* _AIM OF THE EXERCISE_: Restate the data below word for word. Leave the images out.

___ SUPPLIED MATERIAL ___

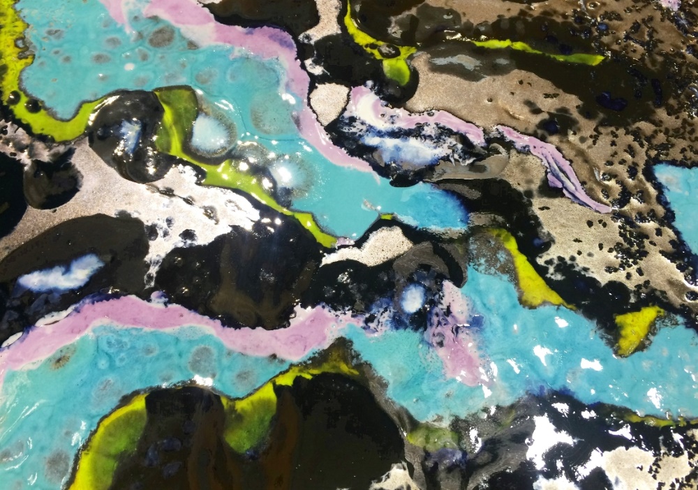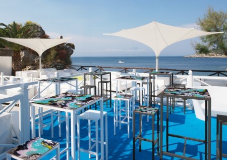 Bordene på FRIENDS-linjen er sammensat af metal stel malet i forskellige farver og toppe i vulkansk sten.
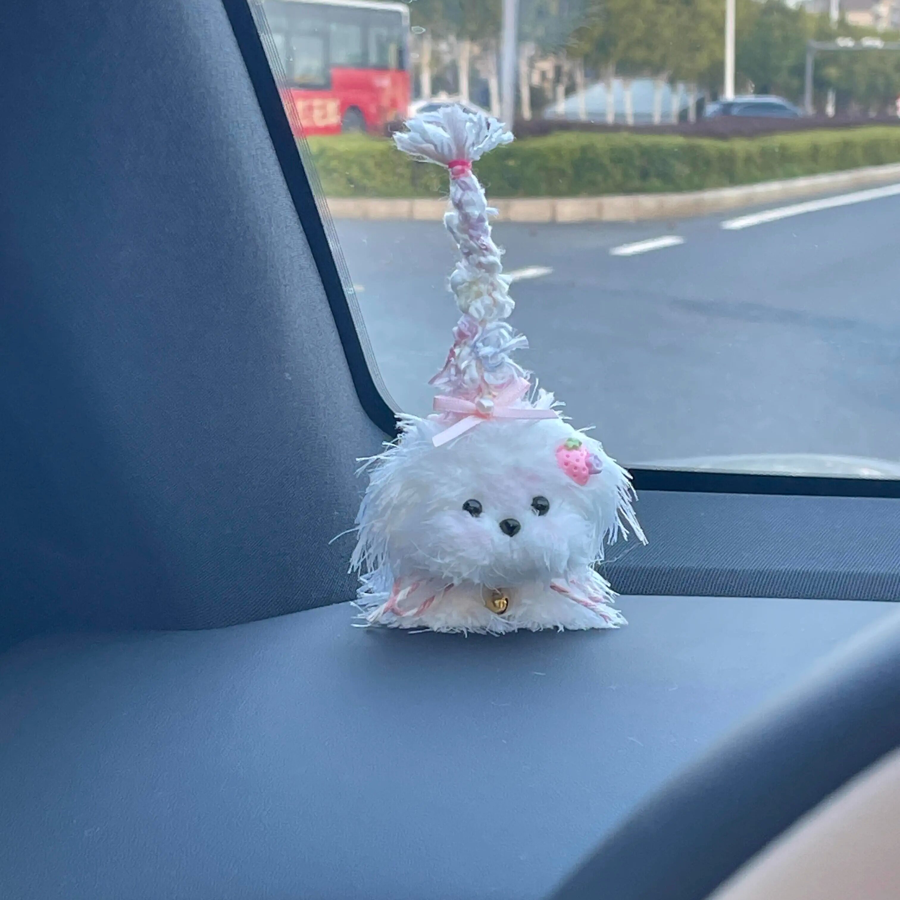 📚 【可爱车搭子~】长辫小狗车载摆件中控台有趣的汽车装饰品手作
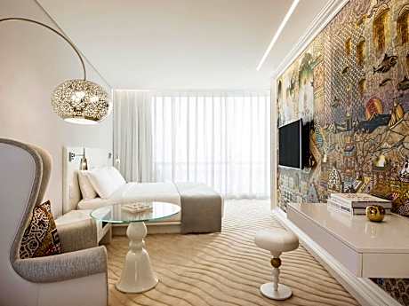 Experience an abundance of unparalleled facilities and features at Mondrian Doha. Maintain seamless communication using the complimentary Wi-Fi at hotel. Effortlessly arrange transportation to and from the airport using the hotel's airport transfer services. Discovering Doha becomes even more accessible through the taxi, car hire and shuttle amenities provided at the hotel. For visitors traveling by automobile, complimentary parking is available. During your stay at this fantastic hotel, the attentive front desk personnel can provide you with a range of amenities such as concierge service, express check-in or check-out, luggage storage and safety deposit boxes. In search of city's top entertainment, seek assistance at the hotel's ticket service and tours for reservations. At the hotel, utilize the on-site dry cleaning service and laundry service to maintain your beloved travel attire fresh, allowing you to bring fewer clothes.Craving relaxation? Make the most of your stay at the Mondrian Doha with convenient amenities like 24-hour room service, room service and daily housekeeping at your disposal.For visitors wishing to smoke, designated smoking zones can be found.At Mondrian Doha, every guestroom is provided with convenient amenities and fittings to ensure a comfortable stay. Enhance your experience at hotel with the knowledge that certain rooms are equipped with linen service and air conditioning for your convenience. A few accommodations within Mondrian Doha offer unique design elements such as a balcony or terrace.Certain rooms offer in-room amusement features such as the television for your enjoyment.In select rooms within the hotel, a refrigerator, a coffee or tea maker and mini bar is available to cater to your requirements when desired.It is worth noting that certain guest bathrooms feature a hair dryer, toiletries and bathrobes for your convenience. Begin your day with a scrumptious on-site breakfast available each morning at Mondrian Doha.Begin your day feeling refreshed and invigorated as you enjoy a delightful cup of quality coffee available at the cafe situated within the hotel.At the hotel, an assortment of easily accessible and delicious meal choices are available to satisfy your appetite whenever it strikes. At Mondrian Doha, they are committed to catering to your unique requirements. They offer a variety of meal choices, encompassing halal alternatives for those with special dietary preferences.Create unforgettable moments with your fellow voyagers just steps away, at hotel's bar, nightclub and casino, for a delightful evening together. At the hotel, discerning guests can also enjoy on-site culinary facilities like BBQ facilities tailored to their preferences.During your stay at hotel, an array of engaging activities and amenities guarantees a delightful experience.Conclude your holiday perfectly with a visit to massage, hot tub, salon, steam room, spa and sauna on your final days.Be sure to drop by the pool at hotel at least once during your stay. Discover the fitness amenities at hotel to maintain your health and strength during your getaway.

___

* _TASK RESULT_:
 Bordene på FRIENDS-linjen er sammensat af metal stel malet i forskellige farver og toppe i vulkansk sten.
 📚 【可爱车搭子~】长辫小狗车载摆件中控台有趣的汽车装饰品手作
 Experience an abundance of unparalleled facilities and features at Mondrian Doha. Maintain seamless communication using the complimentary Wi-Fi at hotel. Effortlessly arrange transportation to and from the airport using the hotel's airport transfer services. Discovering Doha becomes even more accessible through the taxi, car hire and shuttle amenities provided at the hotel. For visitors traveling by automobile, complimentary parking is available. During your stay at this fantastic hotel, the attentive front desk personnel can provide you with a range of amenities such as concierge service, express check-in or check-out, luggage storage and safety deposit boxes. In search of city's top entertainment, seek assistance at the hotel's ticket service and tours for reservations. At the hotel, utilize the on-site dry cleaning service and laundry service to maintain your beloved travel attire fresh, allowing you to bring fewer clothes.Craving relaxation? Make the most of your stay at the Mondrian Doha with convenient amenities like 24-hour room service, room service and daily housekeeping at your disposal.For visitors wishing to smoke, designated smoking zones can be found.At Mondrian Doha, every guestroom is provided with convenient amenities and fittings to ensure a comfortable stay. Enhance your experience at hotel with the knowledge that certain rooms are equipped with linen service and air conditioning for your convenience. A few accommodations within Mondrian Doha offer unique design elements such as a balcony or terrace.Certain rooms offer in-room amusement features such as the television for your enjoyment.In select rooms within the hotel, a refrigerator, a coffee or tea maker and mini bar is available to cater to your requirements when desired.It is worth noting that certain guest bathrooms feature a hair dryer, toiletries and bathrobes for your convenience. Begin your day with a scrumptious on-site breakfast available each morning at Mondrian Doha.Begin your day feeling refreshed and invigorated as you enjoy a delightful cup of quality coffee available at the cafe situated within the hotel.At the hotel, an assortment of easily accessible and delicious meal choices are available to satisfy your appetite whenever it strikes. At Mondrian Doha, they are committed to catering to your unique requirements. They offer a variety of meal choices, encompassing halal alternatives for those with special dietary preferences.Create unforgettable moments with your fellow voyagers just steps away, at hotel's bar, nightclub and casino, for a delightful evening together. At the hotel, discerning guests can also enjoy on-site culinary facilities like BBQ facilities tailored to their preferences.During your stay at hotel, an array of engaging activities and amenities guarantees a delightful experience.Conclude your holiday perfectly with a visit to massage, hot tub, salon, steam room, spa and sauna on your final days.Be sure to drop by the pool at hotel at least once during your stay. Discover the fitness amenities at hotel to maintain your health and strength during your getaway.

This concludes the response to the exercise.